◆ What the exercise asks ◆
Your task is to copy the data exactly while leaving out every picture.

(Data to use Opens)

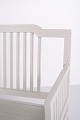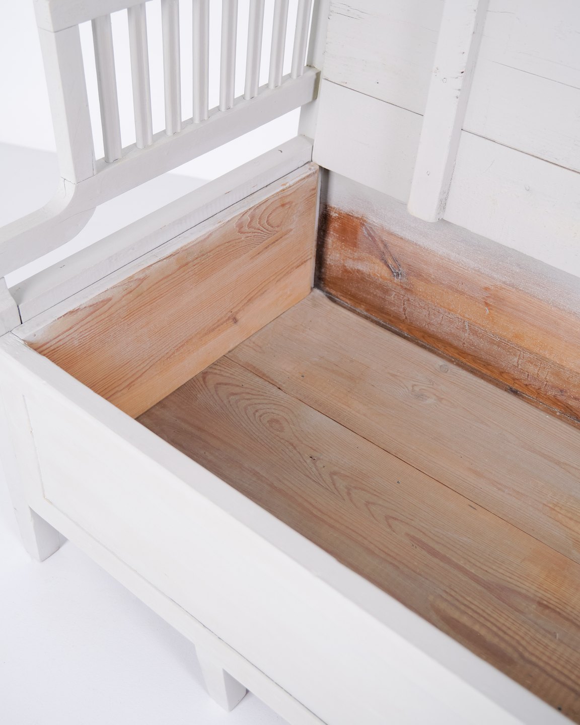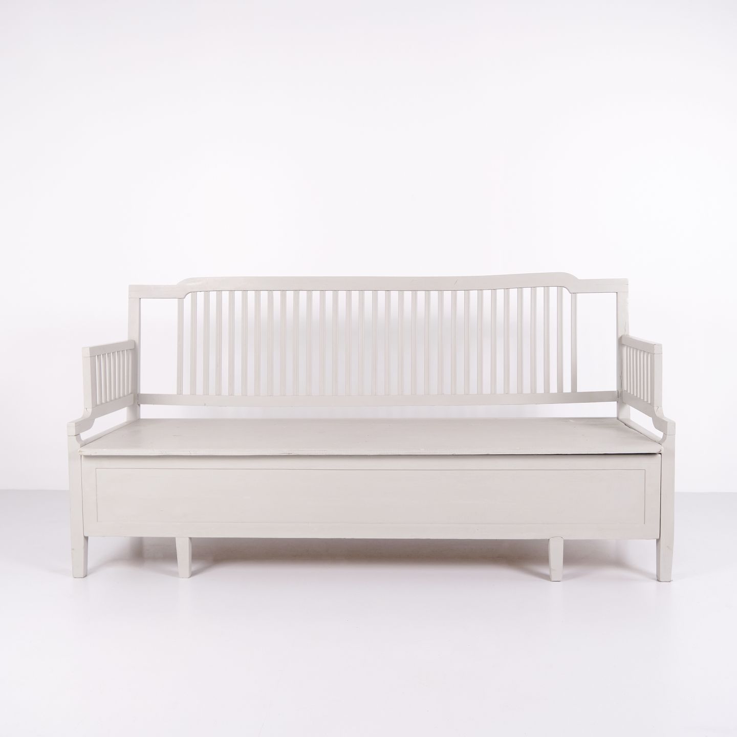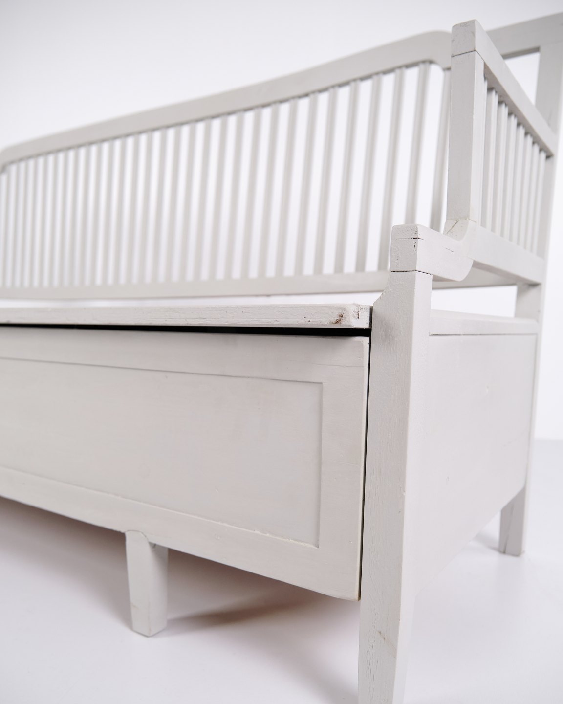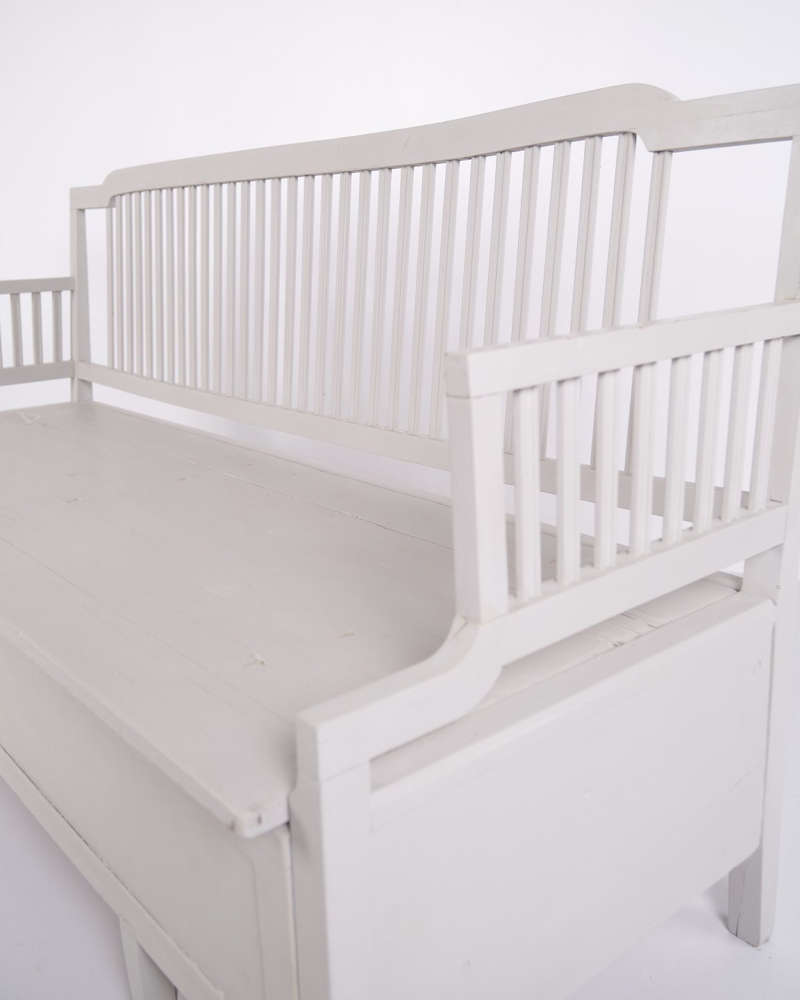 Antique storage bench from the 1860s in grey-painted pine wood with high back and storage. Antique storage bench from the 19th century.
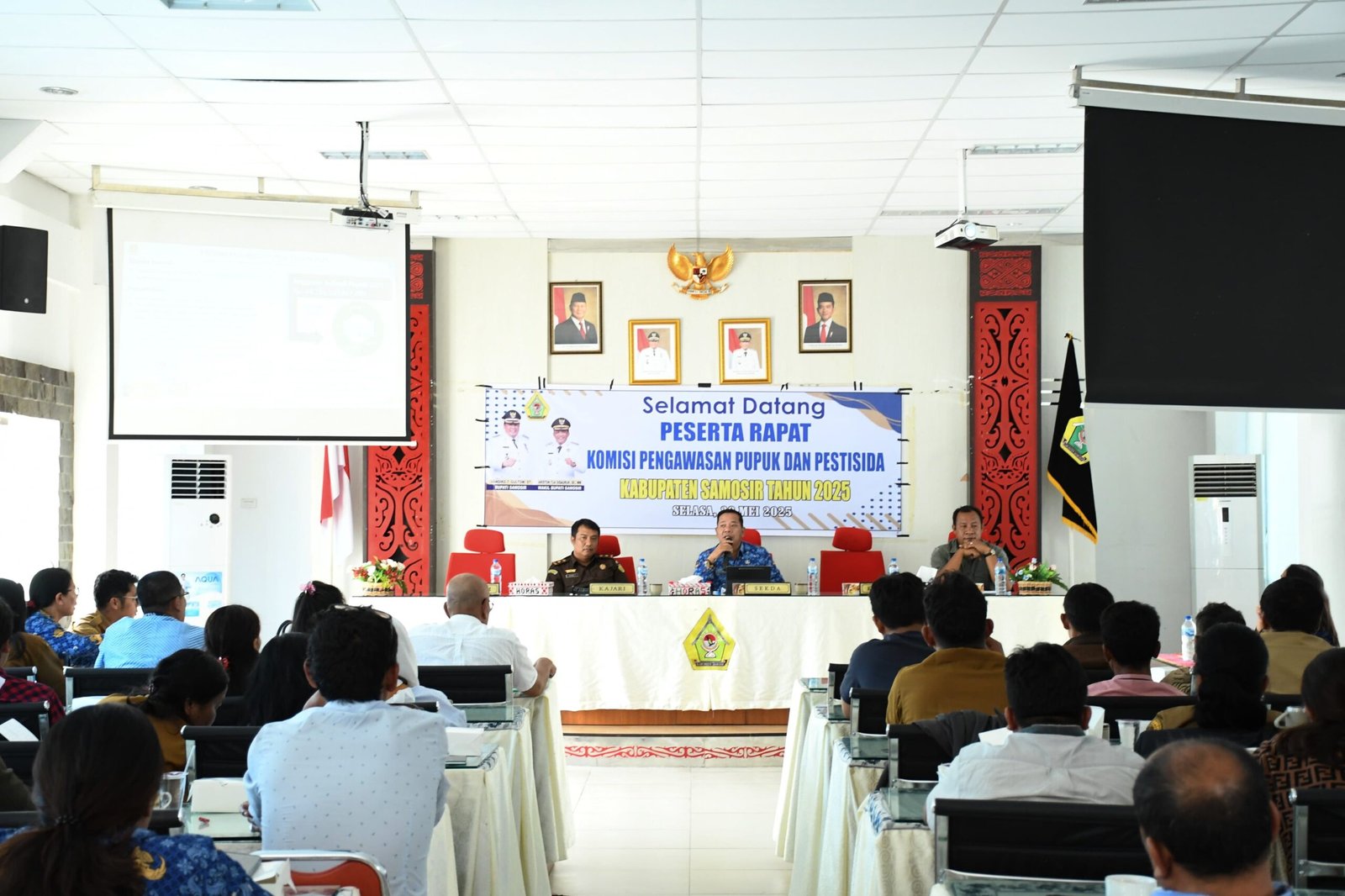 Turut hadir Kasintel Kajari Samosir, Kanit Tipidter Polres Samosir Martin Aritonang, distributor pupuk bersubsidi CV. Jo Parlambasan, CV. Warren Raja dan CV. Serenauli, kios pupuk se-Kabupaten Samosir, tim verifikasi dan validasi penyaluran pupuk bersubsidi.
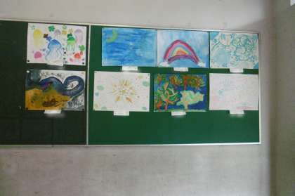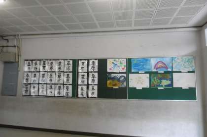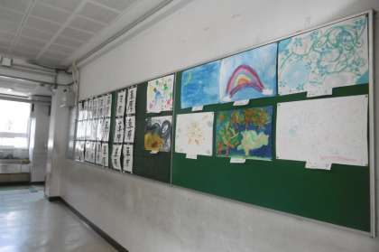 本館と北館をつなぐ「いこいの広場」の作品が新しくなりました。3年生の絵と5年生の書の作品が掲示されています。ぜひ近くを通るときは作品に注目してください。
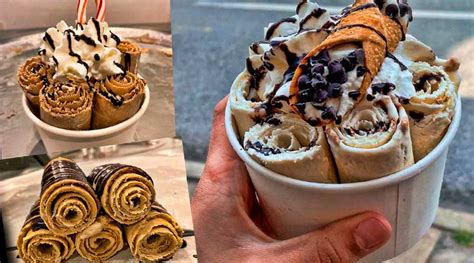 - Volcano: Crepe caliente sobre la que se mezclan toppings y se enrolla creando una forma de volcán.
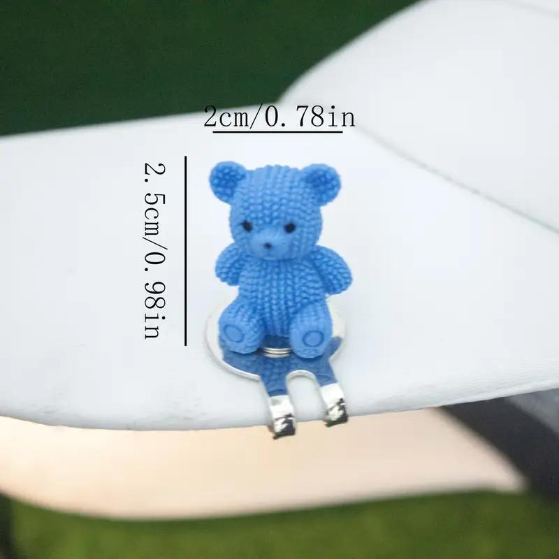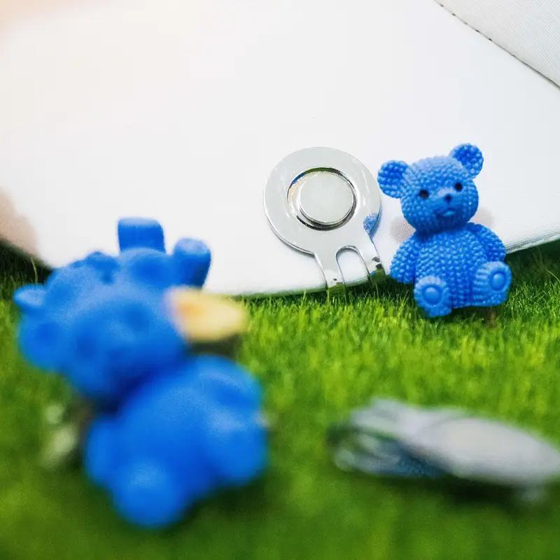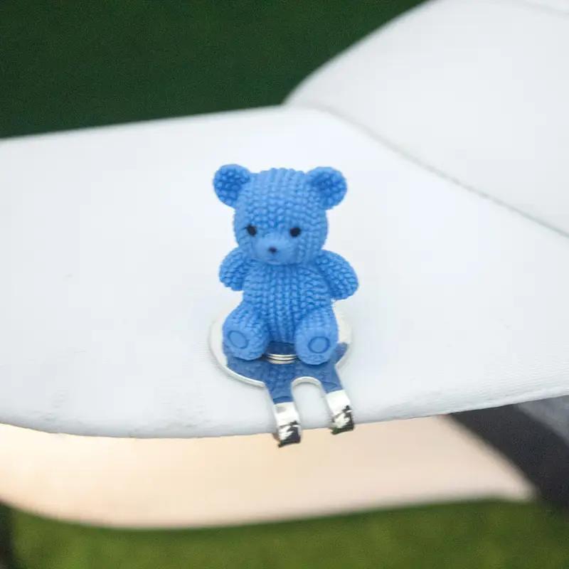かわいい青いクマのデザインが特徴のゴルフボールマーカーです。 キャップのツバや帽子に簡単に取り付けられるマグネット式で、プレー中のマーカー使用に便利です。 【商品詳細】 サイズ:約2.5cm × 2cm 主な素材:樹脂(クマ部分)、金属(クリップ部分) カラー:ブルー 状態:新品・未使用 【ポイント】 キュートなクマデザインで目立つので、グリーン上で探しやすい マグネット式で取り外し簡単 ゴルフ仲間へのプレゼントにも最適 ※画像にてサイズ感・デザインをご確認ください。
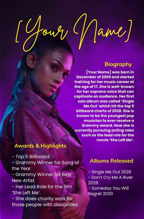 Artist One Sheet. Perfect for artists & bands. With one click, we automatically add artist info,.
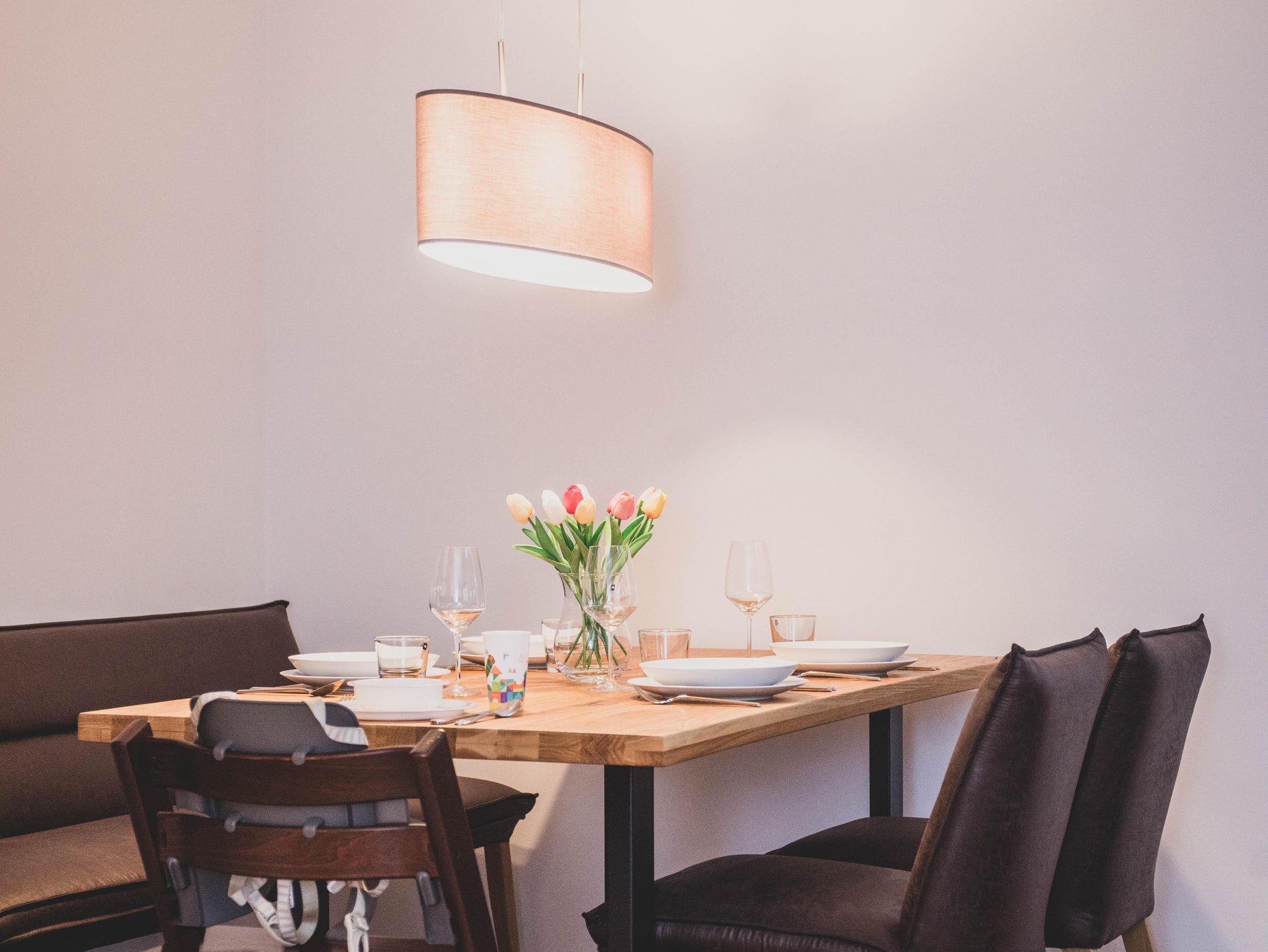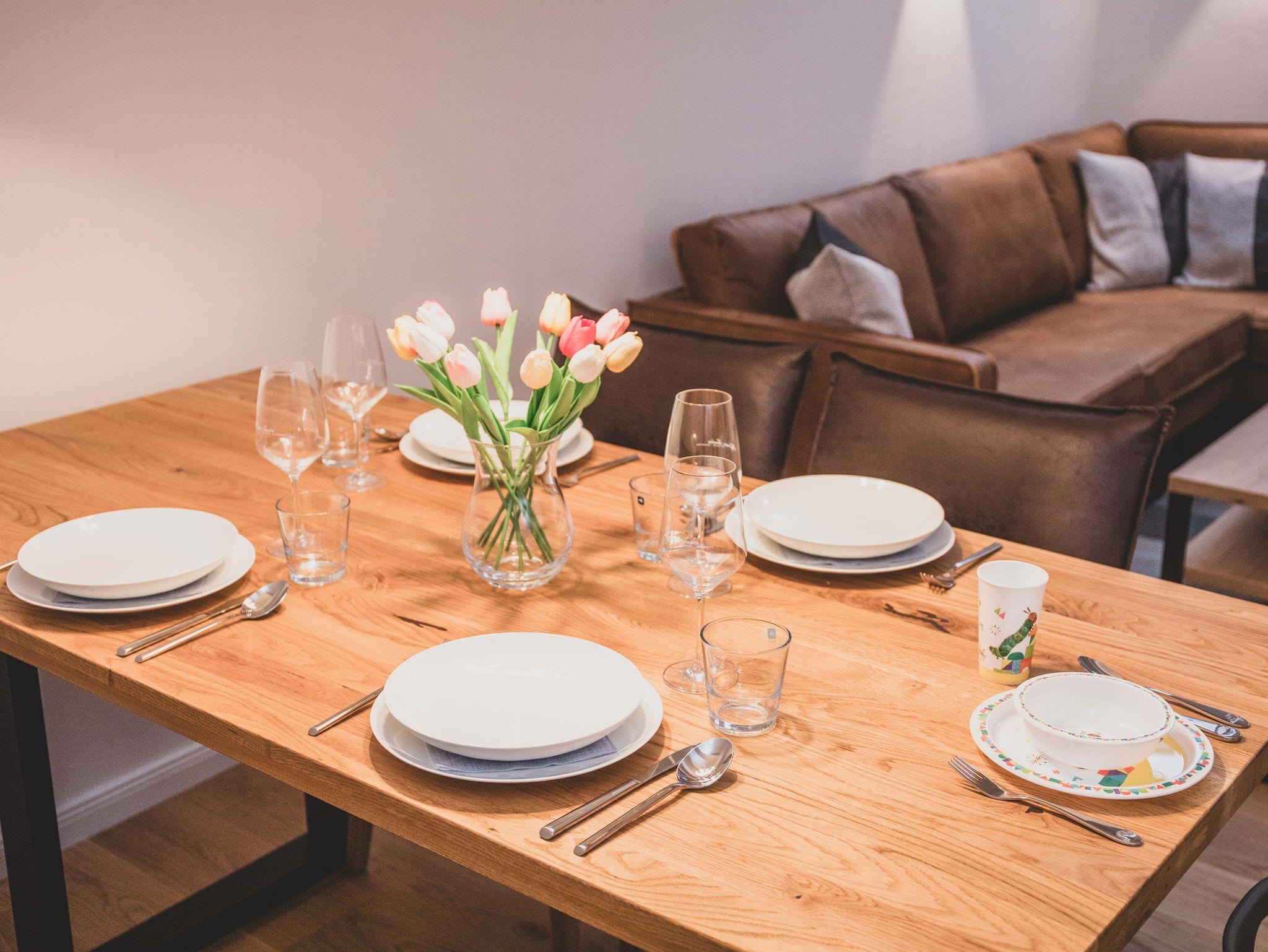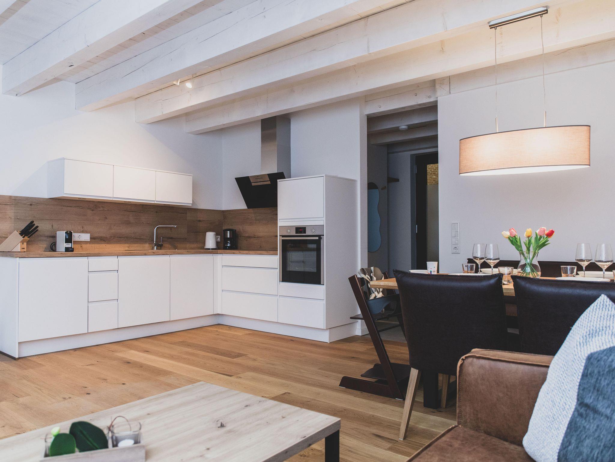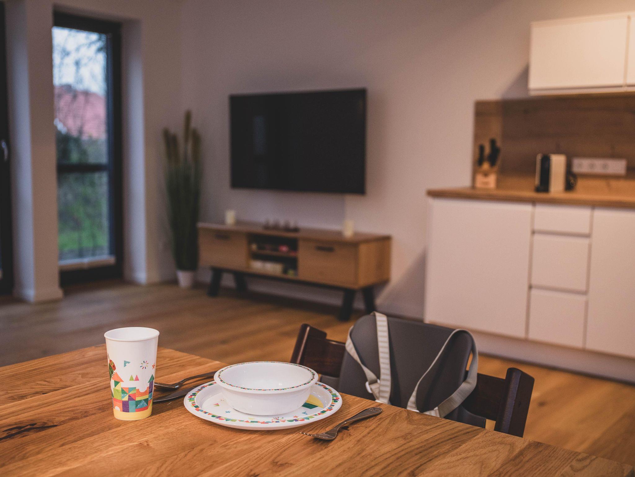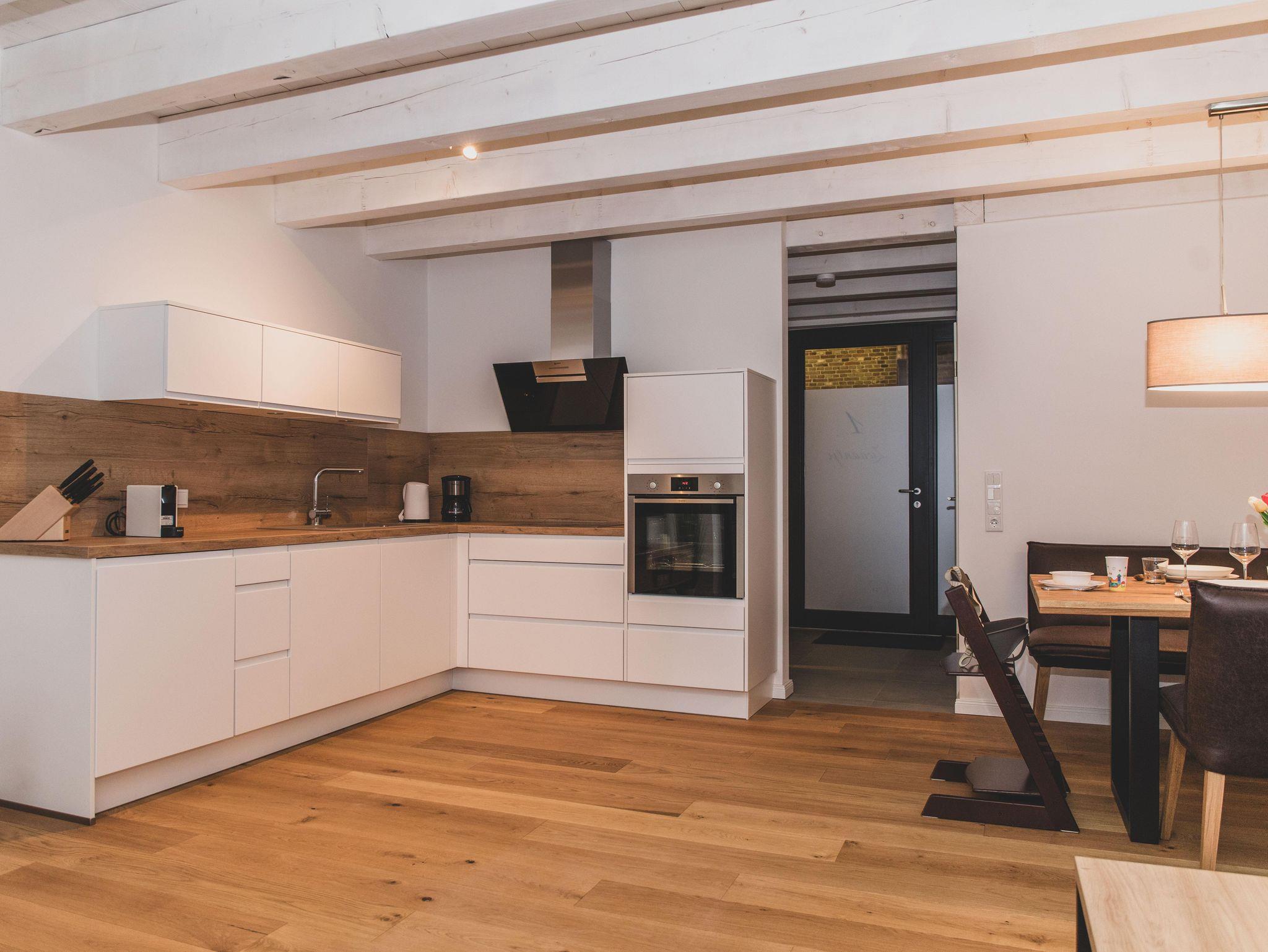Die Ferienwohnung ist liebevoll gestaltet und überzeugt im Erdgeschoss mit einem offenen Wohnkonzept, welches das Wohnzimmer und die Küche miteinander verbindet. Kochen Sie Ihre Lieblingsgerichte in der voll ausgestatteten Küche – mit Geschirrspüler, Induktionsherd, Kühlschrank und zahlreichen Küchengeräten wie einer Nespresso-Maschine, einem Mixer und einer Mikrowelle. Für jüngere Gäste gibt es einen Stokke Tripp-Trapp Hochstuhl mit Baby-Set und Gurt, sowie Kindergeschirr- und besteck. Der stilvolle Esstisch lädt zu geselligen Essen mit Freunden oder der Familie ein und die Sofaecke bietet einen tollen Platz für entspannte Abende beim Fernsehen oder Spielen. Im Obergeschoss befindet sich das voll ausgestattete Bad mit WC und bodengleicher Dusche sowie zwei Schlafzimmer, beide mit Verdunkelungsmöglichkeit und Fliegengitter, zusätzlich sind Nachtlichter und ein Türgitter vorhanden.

(Data to use Closes)

◆ Written solution ◆
 Antique storage bench from the 1860s in grey-painted pine wood with high back and storage. Antique storage bench from the 19th century.
 Turut hadir Kasintel Kajari Samosir, Kanit Tipidter Polres Samosir Martin Aritonang, distributor pupuk bersubsidi CV. Jo Parlambasan, CV. Warren Raja dan CV. Serenauli, kios pupuk se-Kabupaten Samosir, tim verifikasi dan validasi penyaluran pupuk bersubsidi.
 本館と北館をつなぐ「いこいの広場」の作品が新しくなりました。3年生の絵と5年生の書の作品が掲示されています。ぜひ近くを通るときは作品に注目してください。
 - Volcano: Crepe caliente sobre la que se mezclan toppings y se enrolla creando una forma de volcán.
かわいい青いクマのデザインが特徴のゴルフボールマーカーです。 キャップのツバや帽子に簡単に取り付けられるマグネット式で、プレー中のマーカー使用に便利です。 【商品詳細】 サイズ:約2.5cm × 2cm 主な素材:樹脂(クマ部分)、金属(クリップ部分) カラー:ブルー 状態:新品・未使用 【ポイント】 キュートなクマデザインで目立つので、グリーン上で探しやすい マグネット式で取り外し簡単 ゴルフ仲間へのプレゼントにも最適 ※画像にてサイズ感・デザインをご確認ください。
 Artist One Sheet. Perfect for artists & bands. With one click, we automatically add artist info,.
Die Ferienwohnung ist liebevoll gestaltet und überzeugt im Erdgeschoss mit einem offenen Wohnkonzept, welches das Wohnzimmer und die Küche miteinander verbindet. Kochen Sie Ihre Lieblingsgerichte in der voll ausgestatteten Küche – mit Geschirrspüler, Induktionsherd, Kühlschrank und zahlreichen Küchengeräten wie einer Nespresso-Maschine, einem Mixer und einer Mikrowelle. Für jüngere Gäste gibt es einen Stokke Tripp-Trapp Hochstuhl mit Baby-Set und Gurt, sowie Kindergeschirr- und besteck. Der stilvolle Esstisch lädt zu geselligen Essen mit Freunden oder der Familie ein und die Sofaecke bietet einen tollen Platz für entspannte Abende beim Fernsehen oder Spielen. Im Obergeschoss befindet sich das voll ausgestattete Bad mit WC und bodengleicher Dusche sowie zwei Schlafzimmer, beide mit Verdunkelungsmöglichkeit und Fliegengitter, zusätzlich sind Nachtlichter und ein Türgitter vorhanden.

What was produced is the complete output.